[Stored data entries]

::::

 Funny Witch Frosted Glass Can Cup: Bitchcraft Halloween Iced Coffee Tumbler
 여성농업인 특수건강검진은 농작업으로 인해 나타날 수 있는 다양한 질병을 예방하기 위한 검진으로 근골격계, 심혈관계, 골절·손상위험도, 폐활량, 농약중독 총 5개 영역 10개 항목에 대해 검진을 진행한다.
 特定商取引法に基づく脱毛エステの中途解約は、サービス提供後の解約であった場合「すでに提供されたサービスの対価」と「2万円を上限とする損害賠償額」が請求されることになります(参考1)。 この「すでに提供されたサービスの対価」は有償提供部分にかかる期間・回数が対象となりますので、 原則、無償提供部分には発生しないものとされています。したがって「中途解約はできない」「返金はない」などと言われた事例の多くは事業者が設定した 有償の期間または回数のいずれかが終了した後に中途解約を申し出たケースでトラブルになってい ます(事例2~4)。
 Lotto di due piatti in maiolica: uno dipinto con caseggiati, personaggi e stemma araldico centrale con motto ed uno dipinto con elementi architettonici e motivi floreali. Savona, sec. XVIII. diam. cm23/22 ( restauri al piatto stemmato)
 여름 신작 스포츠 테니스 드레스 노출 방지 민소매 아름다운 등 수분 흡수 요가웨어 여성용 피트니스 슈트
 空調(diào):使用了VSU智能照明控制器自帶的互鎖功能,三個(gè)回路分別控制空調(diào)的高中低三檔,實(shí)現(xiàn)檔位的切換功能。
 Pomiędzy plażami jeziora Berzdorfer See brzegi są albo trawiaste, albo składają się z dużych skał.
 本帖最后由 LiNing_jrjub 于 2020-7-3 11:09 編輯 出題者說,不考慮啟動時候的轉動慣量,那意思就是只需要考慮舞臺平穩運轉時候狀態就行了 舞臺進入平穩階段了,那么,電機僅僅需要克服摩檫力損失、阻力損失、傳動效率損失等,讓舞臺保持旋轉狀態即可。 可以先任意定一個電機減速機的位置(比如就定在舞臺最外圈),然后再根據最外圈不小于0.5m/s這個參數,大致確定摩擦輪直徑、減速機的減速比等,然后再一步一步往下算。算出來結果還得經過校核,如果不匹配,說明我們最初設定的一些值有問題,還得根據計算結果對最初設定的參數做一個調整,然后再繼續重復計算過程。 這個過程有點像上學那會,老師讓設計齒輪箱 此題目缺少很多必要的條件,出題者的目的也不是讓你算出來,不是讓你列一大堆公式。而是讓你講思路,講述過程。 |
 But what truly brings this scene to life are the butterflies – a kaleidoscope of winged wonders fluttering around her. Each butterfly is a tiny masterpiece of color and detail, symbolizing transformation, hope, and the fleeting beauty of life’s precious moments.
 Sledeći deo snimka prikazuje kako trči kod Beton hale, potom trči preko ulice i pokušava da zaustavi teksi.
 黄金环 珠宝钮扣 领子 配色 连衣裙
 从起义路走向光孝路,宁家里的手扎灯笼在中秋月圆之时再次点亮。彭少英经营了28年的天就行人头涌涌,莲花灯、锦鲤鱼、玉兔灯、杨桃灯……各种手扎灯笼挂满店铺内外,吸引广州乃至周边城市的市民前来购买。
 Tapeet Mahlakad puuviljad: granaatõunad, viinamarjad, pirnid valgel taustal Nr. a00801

::::

### What to produce
What is needed is an exact copy of every record above.

### Written reply
 Funny Witch Frosted Glass Can Cup: Bitchcraft Halloween Iced Coffee Tumbler
 여성농업인 특수건강검진은 농작업으로 인해 나타날 수 있는 다양한 질병을 예방하기 위한 검진으로 근골격계, 심혈관계, 골절·손상위험도, 폐활량, 농약중독 총 5개 영역 10개 항목에 대해 검진을 진행한다.
 特定商取引法に基づく脱毛エステの中途解約は、サービス提供後の解約であった場合「すでに提供されたサービスの対価」と「2万円を上限とする損害賠償額」が請求されることになります(参考1)。 この「すでに提供されたサービスの対価」は有償提供部分にかかる期間・回数が対象となりますので、 原則、無償提供部分には発生しないものとされています。したがって「中途解約はできない」「返金はない」などと言われた事例の多くは事業者が設定した 有償の期間または回数のいずれかが終了した後に中途解約を申し出たケースでトラブルになってい ます(事例2~4)。
 Lotto di due piatti in maiolica: uno dipinto con caseggiati, personaggi e stemma araldico centrale con motto ed uno dipinto con elementi architettonici e motivi floreali. Savona, sec. XVIII. diam. cm23/22 ( restauri al piatto stemmato)
 여름 신작 스포츠 테니스 드레스 노출 방지 민소매 아름다운 등 수분 흡수 요가웨어 여성용 피트니스 슈트
 空調(diào):使用了VSU智能照明控制器自帶的互鎖功能,三個(gè)回路分別控制空調(diào)的高中低三檔,實(shí)現(xiàn)檔位的切換功能。
 Pomiędzy plażami jeziora Berzdorfer See brzegi są albo trawiaste, albo składają się z dużych skał.
 本帖最后由 LiNing_jrjub 于 2020-7-3 11:09 編輯 出題者說,不考慮啟動時候的轉動慣量,那意思就是只需要考慮舞臺平穩運轉時候狀態就行了 舞臺進入平穩階段了,那么,電機僅僅需要克服摩檫力損失、阻力損失、傳動效率損失等,讓舞臺保持旋轉狀態即可。 可以先任意定一個電機減速機的位置(比如就定在舞臺最外圈),然后再根據最外圈不小于0.5m/s這個參數,大致確定摩擦輪直徑、減速機的減速比等,然后再一步一步往下算。算出來結果還得經過校核,如果不匹配,說明我們最初設定的一些值有問題,還得根據計算結果對最初設定的參數做一個調整,然后再繼續重復計算過程。 這個過程有點像上學那會,老師讓設計齒輪箱 此題目缺少很多必要的條件,出題者的目的也不是讓你算出來,不是讓你列一大堆公式。而是讓你講思路,講述過程。 |
 But what truly brings this scene to life are the butterflies – a kaleidoscope of winged wonders fluttering around her. Each butterfly is a tiny masterpiece of color and detail, symbolizing transformation, hope, and the fleeting beauty of life’s precious moments.
 Sledeći deo snimka prikazuje kako trči kod Beton hale, potom trči preko ulice i pokušava da zaustavi teksi.
 黄金环 珠宝钮扣 领子 配色 连衣裙
 从起义路走向光孝路,宁家里的手扎灯笼在中秋月圆之时再次点亮。彭少英经营了28年的天就行人头涌涌,莲花灯、锦鲤鱼、玉兔灯、杨桃灯……各种手扎灯笼挂满店铺内外,吸引广州乃至周边城市的市民前来购买。
 Tapeet Mahlakad puuviljad: granaatõunad, viinamarjad, pirnid valgel taustal Nr. a00801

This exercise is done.